- Supplied material:
:::

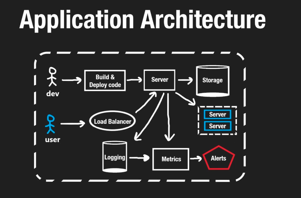 从开发者的视角出发,可以更容易理解应用程序架构。开发者编写代码后将其部署到一个服务器上。这里我们暂且定义服务器为处理来自其他计算机请求的计算机。服务器需要持久性存储来保存应用程序的数据。尽管服务器可能内置存储设备,但其存储容量通常有限,因此服务器会通过网络与外部存储系统(例如数据库或云存储)进行通信。
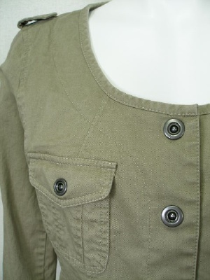細身ですが着やすく、スカートにも合わせやすいカジュアルなジャケットです。裏地なし。
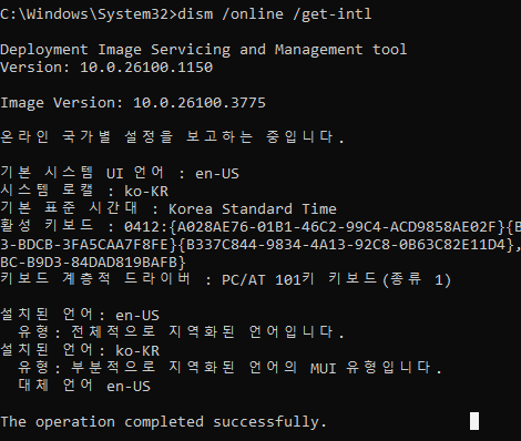 아직 en-US로 되어 있다면, 위 set-allintl 명령어를 다시 실행한 뒤 재부팅하세요.
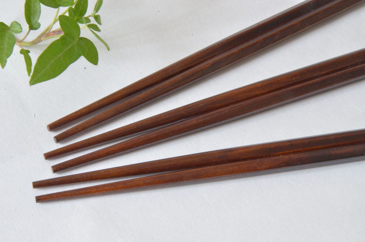 信州木曽の漆工房で、職人が一本一本手づくりで仕上げた漆の塗り箸。素地を活かしたつや消しの《摺り漆》仕上げの3膳組の塗り箸です。
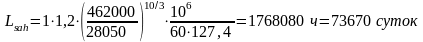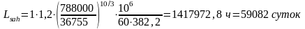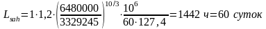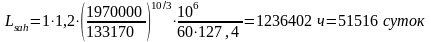 Определяем скорректированный по уровню надежности и условиям применения расчетный ресурс подшипника, ч:
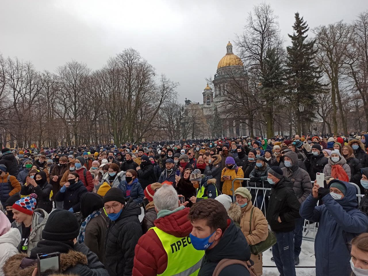 В Петербурге 23 января на акции в поддержку Алексея Навального, по оценке корреспондента «Бумаги», к 14:30 собралось около 2 тысяч человек. На Сенатскую площадь продолжают приходить люди.
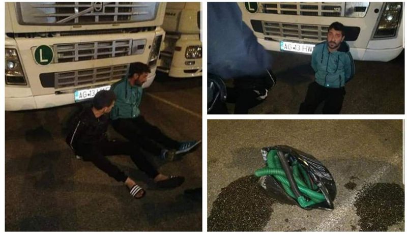 Doi șoferi români din Argeș au fost prinși în timp ce furau motorina dintr-un camion aflat într-o parcare din Strasbourg. Cei care i-au prins în fapt sunt alți șoferi de camioane, cel mai probabil de origine bulgară.

:::

- What the exercise asks: Give back exactly the lines running from the one that contains "В Петербурге 23" to the end of the records, including both of those lines and excluding every picture.

- Response area:
 В Петербурге 23 января на акции в поддержку Алексея Навального, по оценке корреспондента «Бумаги», к 14:30 собралось около 2 тысяч человек. На Сенатскую площадь продолжают приходить люди.
 Doi șoferi români din Argeș au fost prinși în timp ce furau motorina dintr-un camion aflat într-o parcare din Strasbourg. Cei care i-au prins în fapt sunt alți șoferi de camioane, cel mai probabil de origine bulgară.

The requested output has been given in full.